Frequencies of all perfectly reconstructed haplotypes.
| Platform | PCR amplification | Method | 07-56681 | 07-54825 | 07-56951 | 08-59712 | 08-04134 | 08-01315 | 08-02659 | 08-57881 | 08-04512 | Total |
| 454/Roche | No | ShoRAH | 10.6 | 14.1 | 14.1 | 13.9 | 4.9 | — | — | — | — | 57.6 |
| 454/Roche | No | Direct mapping | 27.3 | 21.2 | 30.0 | 11.0 | 7.1 | 2.1 | 0.3 | 0.3 | 0.1 | 99.4 |
| 454/Roche | Yes | ShoRAH | 3.6 | 15.7 | 22.0 | 11.4 | 7.0 | 0.3 | — | — | — | 60.0 |
| 454/Roche | Yes | Direct mapping | 6.0 | 34.3 | 37.2 | 9.6 | 11.7 | 0.4 | 0.4 | 0.1 | 0.2 | 99.9 |
| Illumina GA | No | ShoRAH | 53.1 | 19.5 | 15.1 | 7.2 | 2.7 | 1.6 | 0.2 | 0.2 | 0.2 | 99.8 |
| Illumina GA | No | Direct mapping | 41.7 | 15.4 | 24.8 | 10.3 | 4.5 | 1.5 | 0.3 | 0.3 | 0.1 | 98.9 |
| Illumina GA | Yes | ShoRAH | 7.6 | 46.8 | 27.1 | 7.3 | 5.3 | 1.9 | — | — | — | 96.0 |
| Illumina GA | Yes | Direct mapping | 5.9 | 34.7 | 36.6 | 10.4 | 10.3 | 0.7 | 0.6 | 0.2 | 0.3 | 99.7 |
Reported are, for all four experiments, the relative frequencies in percent of the reconstructed haplotypes matching exactly one of the original clones (named 07-56681, …, 08-04512) as estimated by direct mapping and by ShoRAH. Undetected haplotypes are indicated by a dash (‘—’).

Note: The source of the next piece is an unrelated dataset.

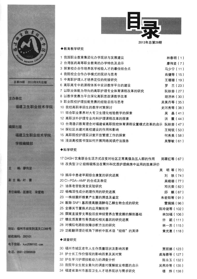 福建卫生职业技术学院学报2013年总第二十九期 目录
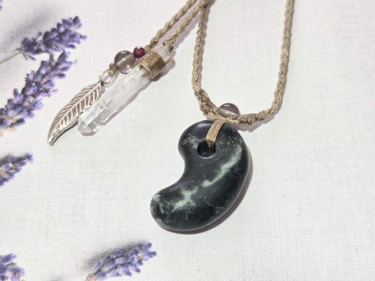 #東京ミネラルショー (通称 #池袋ショー )お品書き⑦ 【青梅黒翡翠/勾玉ペンダント】 敢えて仕上げ磨きを施さずに翡翠独特の風合いを残した勾玉をシンプルなペンダントに仕上げました。 手で触れるうちに自然な艶が出て参ります。 まさに「自分で育てる翡翠」ですね。 #糸魚川翡翠 #勾玉 pic.x.com/iM2qHH5JVv

Figure 2Global haplotype reconstruction at high diversity.
The mean distance between clones of the underlying population was 7.5%. For global haplotype reconstruction, different conditions were tested, including varying read lengths (1st column: 36 bases, 2nd column: 75 bases, 3rd column: 150 bases), numbers of reads (1st row: 10,000, 2nd row: 20,000, 3rd row: 50,000), and sequencing error rates (grey: 0.01%, orange: 0.05%, blue: 0.1% per base). The y-axis reports reconstruction performance as the proportion close (φ), defined as the fraction of reconstructed haplotypes that have at most q mismatches with respect to the original clones. The genomic region considered codes for amino acids 10 to 93 of the HIV protease.
Figure 3Global haplotype reconstruction at low diversity.
Same as Figure 2, but the mean distance between clones is 1.9%.